The biggest component cause of crime at its core revolves around the concept of jealousy. Someone has what I don't have; I want it; so I'll take it. It stands to reason then if you want to soften the biggest component cause, that you need to find a way of lessening jealousy.
Fortunately there is a way to do this and that is via segregation of the classes in society (not in an absolute or physical sense with something like walls though); this is where our coupon system comes into effect.
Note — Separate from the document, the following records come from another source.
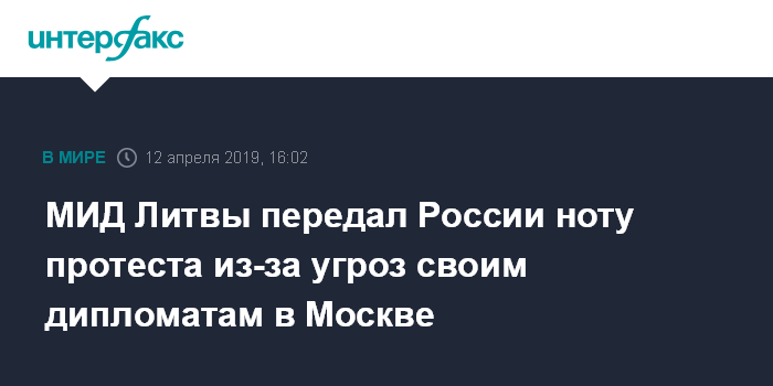Москва. 12 апреля. INTERFAX.RU - МИД Литвы сообщил, что вручил российской стороне ноту протеста из-за угроз, поступивших в адрес сотрудников литовского посольства в Москве и членам их семей.
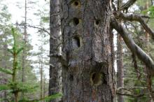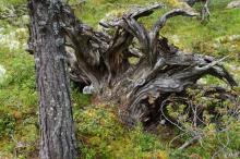 An old pine tree - visited by several woodpeckers, and a fallen one. Such dead pine trees are called "furugadd" in Norwegian and are very important for animals, fungi, mosses and lichens.
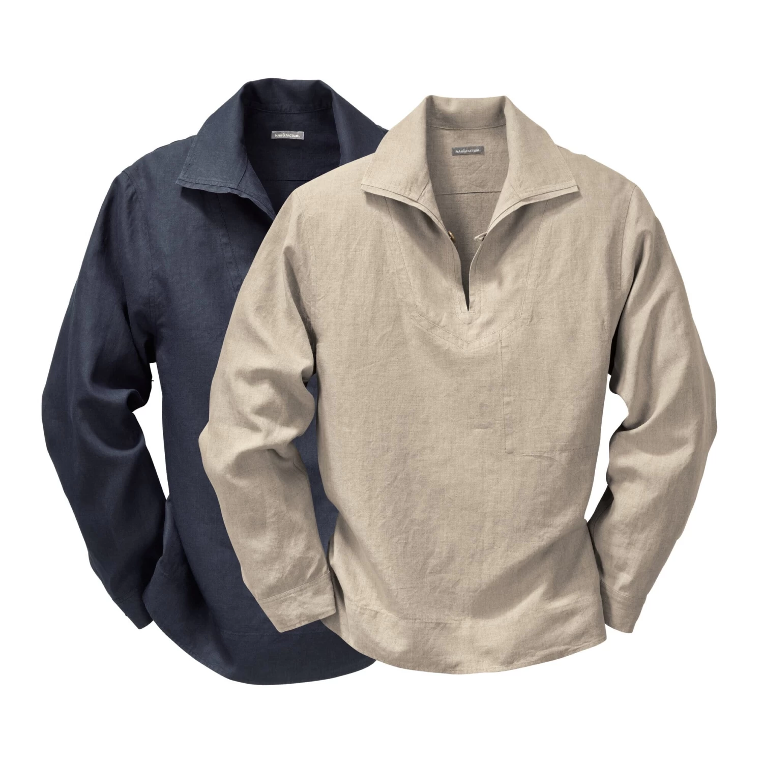 Dit originele vissershemd in de vorm van een klassieke vareuse, wat letterlijk overhemdblouse betekent, is uiterst eenvoudig van vorm – met een inzetstuk, een split en een kraag uit één stuk die omgeslagen kan worden. Om te voorkomen dat ze ergens op het werk worden betrapt, hebben vissershemden traditioneel geen uitstekende knopen. Daar hebben we ons aan gehouden: De enkele knoop die de split bij de hals sluit, zit samen met een lusje aan de binnenkant, en ook de borstzak zit aan de binnenkant. Vroeger werd zo’n hemd gesneden uit restjes canvas, wat naar hedendaagse maatstaven onredelijk zwaar zou zijn. Ons vissershemd is gemaakt van linnen van een kwaliteit die nog ongewoon zwaar is voor hemden.
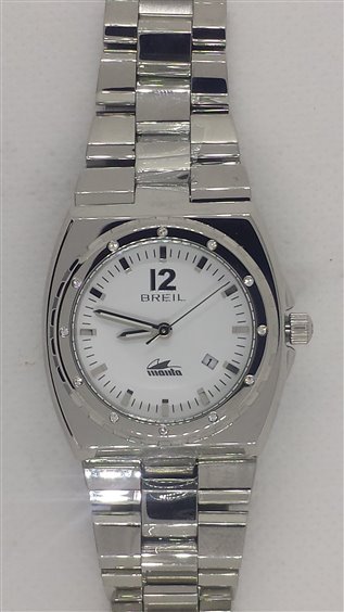 Mouvement à quartz Miyota acier 2015._Cassa 31 mm._Quadrante Blanc avec Swarovski._Quadrante blu._Sfere avec luminous._Datario._Vetro minerale._W.R. 10 atm._Bracciale en acciaio._Chiusura plongeur avec fermoir de sécurité.

In the space above the line marked "1", we put all the people who have the most coupons. In between 3 and 1 we put the next group, and we keep on going until the people with the fewest coupons and they can have their houses outside the ring marked "9".
Of course how people choose to establish themselves is entirely their own business, but in general the people in greatest deviation according to the number of coupons they possess will almost never come into contact.
Engels wrote of an "unspoken implicit social contract" and an "unconscious tacit agreement" that societies naturally segregate themselves. It makes logical sense that people living within the line marked "1" have no real need to visit the zone outside of about "5"; seemingly nor would they want to, for the city itself with its brilliant shops has all that they may choose to purchase.

Likewise, the people living beyond the line marked "5" will generally not venture into the zone beyond the line marked "1", for although they might feel a sense of grievence, the 5 line would be placed sufficiently far away enough so that they'd just not bother to express their disappointment with violence.
Intriguingly, the City of Paris sort of already does this, with the 40 eme of the city. The lower classes tend to live outside of the centre of Paris and apart from religious struggles, Paris has on the whole, the lowest rate of violent crime of all the 'World Cities".
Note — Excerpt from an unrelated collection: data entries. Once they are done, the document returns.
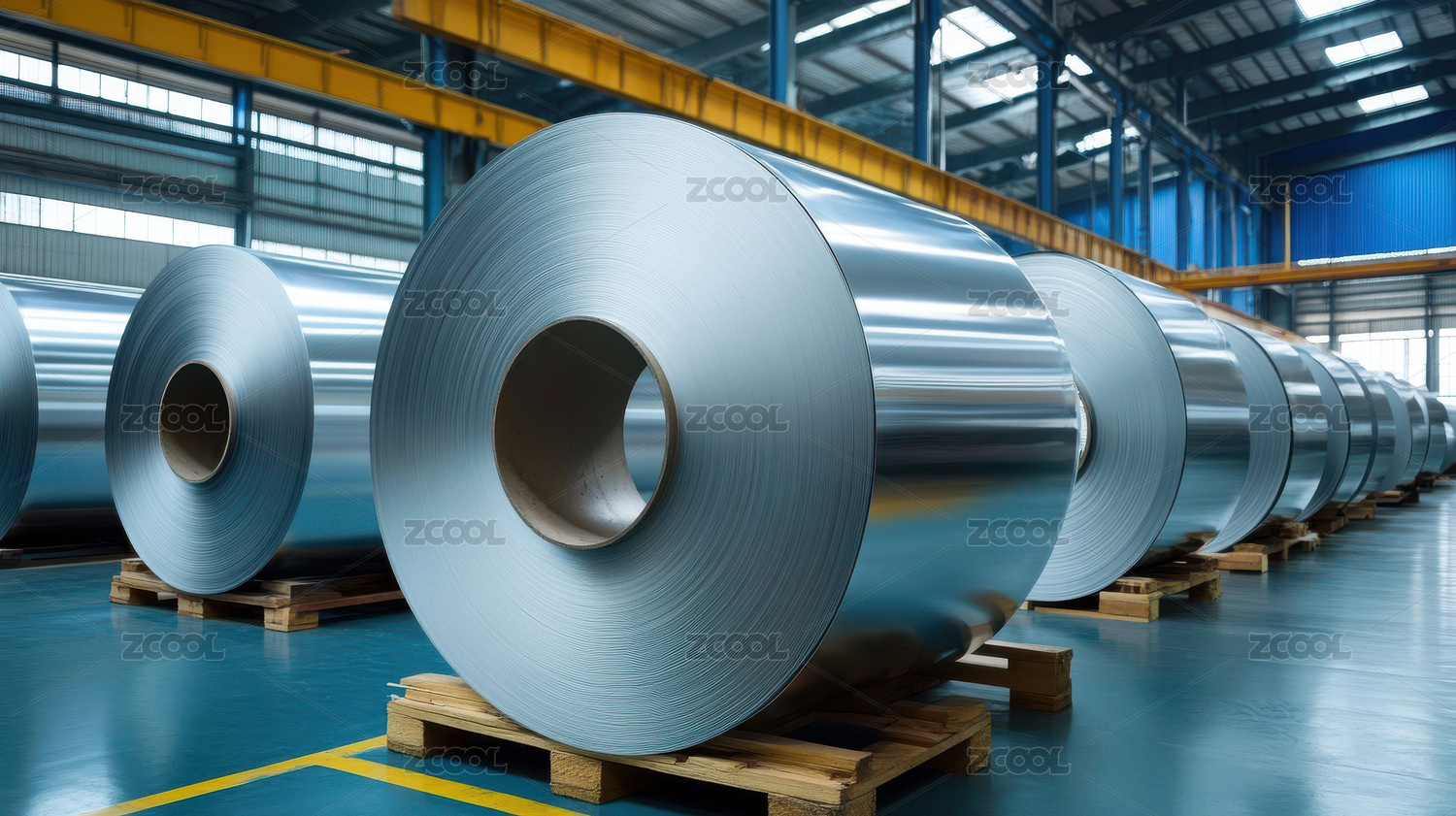 现代工厂车间整齐排列钢卷特写中国制造概念
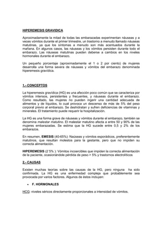 El documento describe la hiperemesis gravídica, una afección grave de náuseas y vómitos durante el embarazo. Se caracteriza por vómitos intensos y frecuentes que impiden la alimentación adecuada de la mujer embarazada, causando deshidratación y deficiencias. Afecta al 1-2% de los embarazos y su tratamiento puede requerir hospitalización para rehidratación y administración de medicamentos.
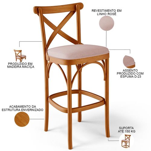 As banquetas têm ocupado um papel de destaque na decoração qualquer ambiente, pensando nisso a Banqueta Ávila chega trazendo um design moderno, confortável e prático. Seu assento estofado traz charme e entrega o conforto ideal a você e sua família. Quando o assunto é versatilidade, ela se propõe a agradar todos os estilos e se encaixar em bares, áreas gourmet, bancadas, cozinhas, salas de jantar e estar e até restaurantes. Sua estrutura em madeira maciça, garante segurança e ainda adiciona toques de elegância e harmonia ao seu espaço. Garanta estilo ao seu ambiente e adquira já a sua!! Dimensões do produto (L x A x P) 50 x 103 x 56 cm Medidas Internas: Altura do encosto: 30 cm Altura do chão ao assento: 77 cm Largura do assento: 44 cm Profundidade do assento: 43 cm Largura total do encosto: 50 cm Altura do chão ao apoio de pés: 29,5 cm Largura do encosto: 36,5 cm Características: Estrutura em Madeira Maciça, com acabamento envernizado. Revestimento em Linho na cor Rosê, de alta qualidade. Assento estofado com espuma D-23. Suporta até 150 kg. - Produto entregue montado. - Por se tratar de estofado as medidas podem ter uma pequena variação de até 3 cm. - A tonalidade do produto real poderá ter ligeira variação devido o lote de tecidos. - A limpeza deve ser feita com pano umedecido em água limpa, sem esfregar, não utilizar produtos abrasivos, desengordurantes, álcool ou solvente. Observações importantes: - Produto para uso residencial em ambiente interno, não devendo ficar exposto diretamente ao sol, calor e umidade excessivos. - Pode haver alguma diferença de tonalidade entre a imagem e o produto real, por conta do tratamento de imagens e a calibração de cores do seu monitor. - As imagens são meramente ilustrativas, não acompanham objetos de decoração e eletrônicos. - Ao receber a mercadoria, o cliente deve verificar as condições da embalagem, caso haja alguma avaria não assine o comprovante de recebimento. - Montagem, desmontagem e outras instalações serão de responsabilidade do cliente. Não nos responsabilizamos, no ato da entrega, por subir escadas/elevadores ou pelo transporte por guincho em apartamentos. Eventuais despesas são de responsabilidade do comprador. - Confira as dimensões do produto e certifique-se de que passará normalmente por supostos elevadores, portas, escadas e/ou corredores de sua residência.
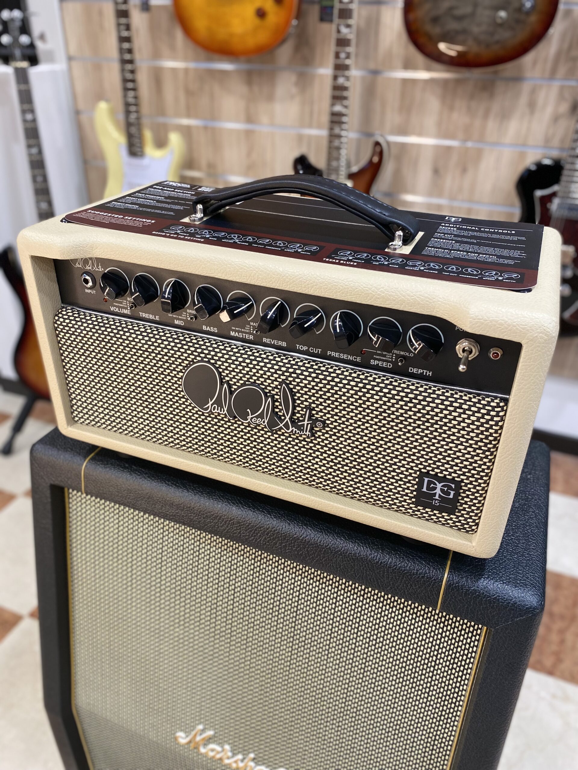 La PRS DGT 15 è una testata valvolare monocanale con una potenza di 15 W, con una serie di controlli che permette di passare da puliti cristallini a overdrive pesanti. Il pannello frontale ospita i controlli di equalizzazione a tre bande (Treble, Middle, Bass), un Bright switch a tre posizioni e i controlli Boost, Reverb, Top Cut e Presence. Lo switch Bright ha tre posizioni: on, off e una terza che attiva la modalità Bright disattivandola quando viene utilizzato il Boost, permettendo di gestire al meglio le frequenze alte. Il Master Volume può essere impostato su on, off o on solamente quando il Boost è attivo. Il circuito del Tremolo oscilla il bias delle valvole di potenza e dispone dei controlli Speed e Depth per una regolazione precisa. Il footswitch a 3 vie incluso permette di controllare il Boost, il Reverb e il Tremolo.

If you could move the people with the fewest coupons in the system, to beyond the boundary marked "9" and then manipulated the media outlets such that it openly referred to them as the "scum class" whilst at the same time extolling the virtues and material benefits of those people living within the "1" line, then the people living outside of "9" might be encouraged to pull themselves out of their predicament.

If all of the above-mentioned things were achieved, then society would pretty well much organise itself and there would be very little need for social engineering.


That's where the little fantasy ends but not where the story does. There actually is a city in the world that runs according to such principles; that city is called "Sydney".

All you need to do is turn the diagram through 90 degrees.

Subconsciously Sydney already has this plan in full swing.
1 is marked by the Pacific and Princes Highways.
3 is marked by Mona Vale Rd, Ryde Rd, Homebush Bay Dr, Centenary Rd, King Georges Rd.
5 is marked by Pennant Hills Rd, Woodville Rd and Henry Lawson Dr.
7 is marked by the M7.
9 is marked by The Northern Rd.
The media already does a pretty good job at promoting the benefits that come with more coupons.
Most people already do not associate with people too far from their own socio-economic group. I have seen people both rise and fall between classes and suburbs and treat their former communities with utter contempt. Actually when I tell people who live within zone 1 where I live, most of them have no idea where it is; presumably because they've never been, have no intention and no need of travelling outside the zone.

If you properly think about it, Sydney is actually more segregated and well defined in this respect than London, New York or even cities in South Africa under Apartheid, and yet it does this under a purely voluntary and self selecting process.
What prompted this was an article in a newspaper claiming that Australia and Sydney in particular was a "classless" society, yet I just can't find evidence for this in the real world.

Addenda: Engels wrote his piece about the City of Manchester in 1848. What's really interesting is that in more than a century and a half, the geographical divisions which define the classes have more or less remained fixed.